Don’t Dump Your Credit Cards. The Alternatives Are Worse
Credit Cards Unpopular
Credit card companies have, over the last few months, almost gone out of their way to make consumers hate them. They’ve increased rates, slashed credit limits, introduced fees, unilaterally amended credit card terms, and switched deals from fixed-rate to variable-rate. There’s been no end to the pain they seem to have been willing to inflict on cardholders.
Small wonder, then, that consumers are reducing their credit card debt by paying down balances. And they’re avoiding those increased credit card rates by turning to alternative payment methods.
Are Debit Cards Better?
But should you follow suit? Debit cards, for example, seem to have just as many highly expensive traps for the unwary as credit cards are.
The Center for Responsible Lending (CRL) has been campaigning against high overdraft fees for some years. And it points out that 46 percent of all overdrafts are triggered by debit card rather than credit card use.
Keep on Debiting
In the old days, your bank would decline a transaction if you had insufficient funds to cover it. Now, without giving you any warning, it allows the purchase, and charges you a substantial fee. The CRL found one student who’d made seven small purchases on his debit card when he hadn’t realized he was overdrawn. The total value of all seven transactions was $16.55. The total value of the charges levied by his bank for those purchases was $245.
And, as a recent New York Times editorial pointed out: “Credit card companies, for example, were rightly criticized when some drove up interest rates to 30 percent or more.
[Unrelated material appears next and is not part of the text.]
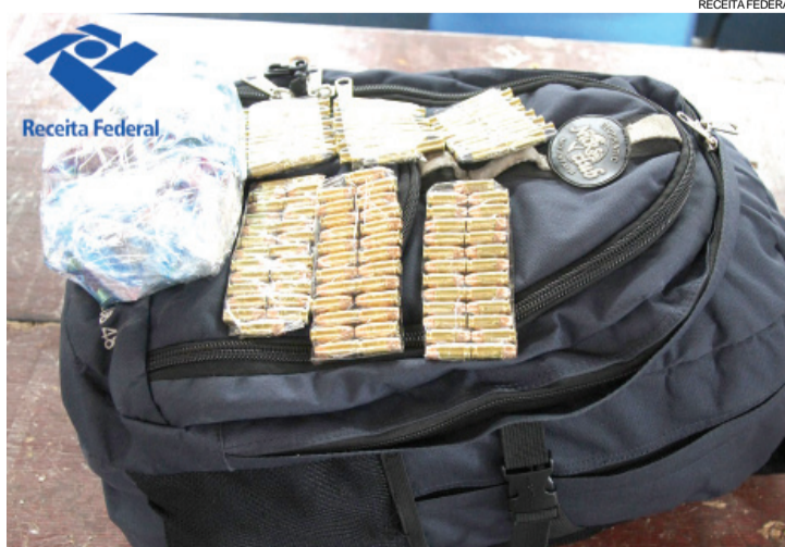
Munições de diferentes calibres foram encontradas em uma mochila

No estacionamento de um hotel foi encontrada uma Montana com placas de São Bento do Sul (SC) com a carroceria repleta de roupas, eletrônicos, brinquedos, acessórios para videogame e celulares, avaliados em R$ 9.400. Já em uma mochila na cabine do veículo os servidores encontraram 780 comprimidos de medicamentos e 99 munições calibre 32, 75 munições de calibre 380 e 25 munições calibre 36.

According to a 2008 study by the FDIC, overdraft fees for debit cards can carry an annualized interest rate that exceeds 3,500 percent.”
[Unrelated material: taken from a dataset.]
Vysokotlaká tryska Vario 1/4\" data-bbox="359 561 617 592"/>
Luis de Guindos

Even a payday loan would be cheaper. But, for a more reasonable comparison, earlier this month, indexcreditcards.com reported on credit card fees. It found that the average credit card late fee is $34.35, while the average over-the-limit fee is $36.74.
Credit Card or Prepaid Card?
You’d think that prepaid credit cards (they’re really prepaid debit cards) would be a cheap option. But that’s not necessarily so.
You can pay up to $99 just to activate the card. And after that there can be fees for just about everything: monthly fees, transaction fees, ATM fees, and balance enquiry fees. One man was so shocked by how much his prepaid card was costing him that he went back to the store to complain. There he was presented with a list of more than 24 different types of fees and charges for which he had unknowingly signed up.
It’s Who You Are, Not How You Spend
The CRL did research back in 2005, well before the credit crunch. It found that more than 70 percent of the $10.3 billion charged in overdraft loan fees that year had been paid by “…chronic borrowers, living on the margins of solvency.”
If you’re a member of that group, then you almost certainly ended up paying a great deal no matter which payment method you choose. But, if you’re not–if you are good at managing money and disciplining yourself financially–then the opposite is true.
So why not just stick with the credit card you know?